Markets
Bitcoin Crashes as Mt. Gox Refund Rocks Crypto Market
Key points
- Bitcoin fell along with cryptocurrency-related stocks on Friday, with the leading cryptocurrency recently trading at its lowest level in months.
- Mt. Gox bankruptcy trustee begins repaying creditors, sending cryptocurrency market into crisis.
- Mt. Gox, once the world’s largest bitcoin exchange, collapsed following a hack in 2014.
- The news weighed on shares of Coinbase Global and MicroStrategy, while ether fell alongside bitcoin.
Prices of major cryptocurrencies, as well as shares of Coinbase Global (CURRENCY) and MicroStrategy (MSTR), plummeted on Friday as troubled cryptocurrency site Mt. Gox began repaying creditors.
Nobuaki Kobayashi, the receiver of the Mt. Gox bankruptcy estate, said the estate “has made repayments in Bitcoin and Bitcoin Cash to certain of the rehabilitation creditors through a portion of the designated cryptocurrency exchanges etc. in accordance with the rehabilitation plan.”

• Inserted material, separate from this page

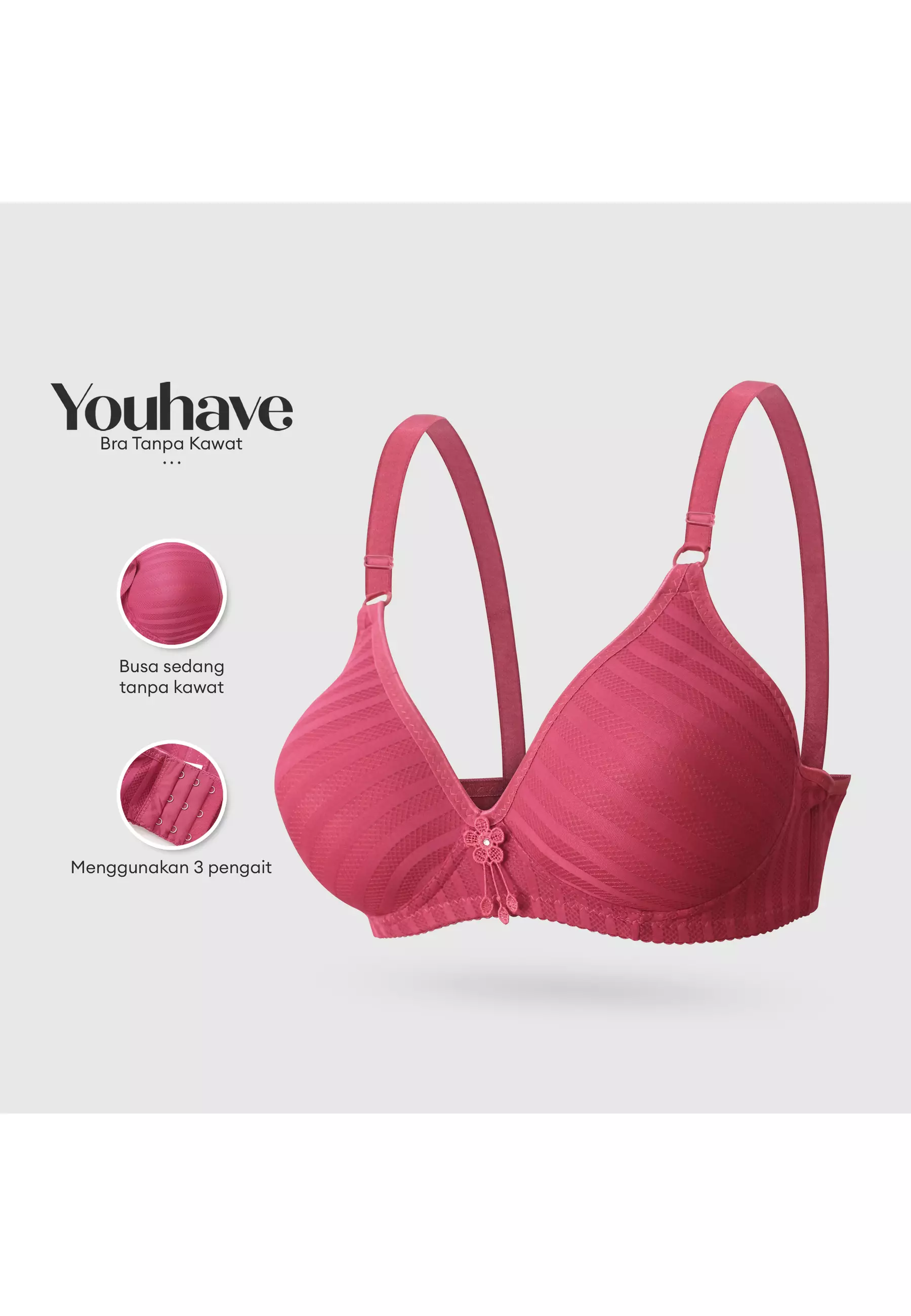 WimiuWimiu BH Bra Wanita BH Tanpa Kawat Busa Tipis Motif Garis Jaring 100111259000.0036900.00

He noted that other creditors will be repaid “promptly” when certain conditions are met, including that they can be repaid “in a safe and secure manner.”
Bitcoin (Currency Exchange) was trading around $55,700, down about 2.4%, as of 10:45 a.m. ET on Friday. Ether was down about 3.4%.
The 2014 Mt. Gox hack resulted in an estimated loss of 740,000 Bitcoins
Mount Gox was once the world’s largest cryptocurrency exchange, at one point handling 70% of bitcoin transactions. A 2014 hack that resulted in the loss of approximately 740,000 bitcoins led to the company’s demise.
Anticipation of the Mt. Gox news, which Kobayashi had reported last month would happen in July, had already begun to shake up the cryptocurrency market. Today’s announcement sent Bitcoin to its lowest level in five months.
The impact was also felt by Coinbase, which said it had $935 million in customer cryptocurrency trading revenue in the first quarter, double what it had in the fourth quarter. MicroStrategy said in its first-quarter financial report that it held 214,400 bitcoins.
Coinbase shares were down about 5% at $213.87 as of 10:45 a.m. ET on Friday, while MicroStrategy was down more than 6% at $1,220.11. However, Coinbase and MicroStrategy shares are up about 23% and 93% since the beginning of the year.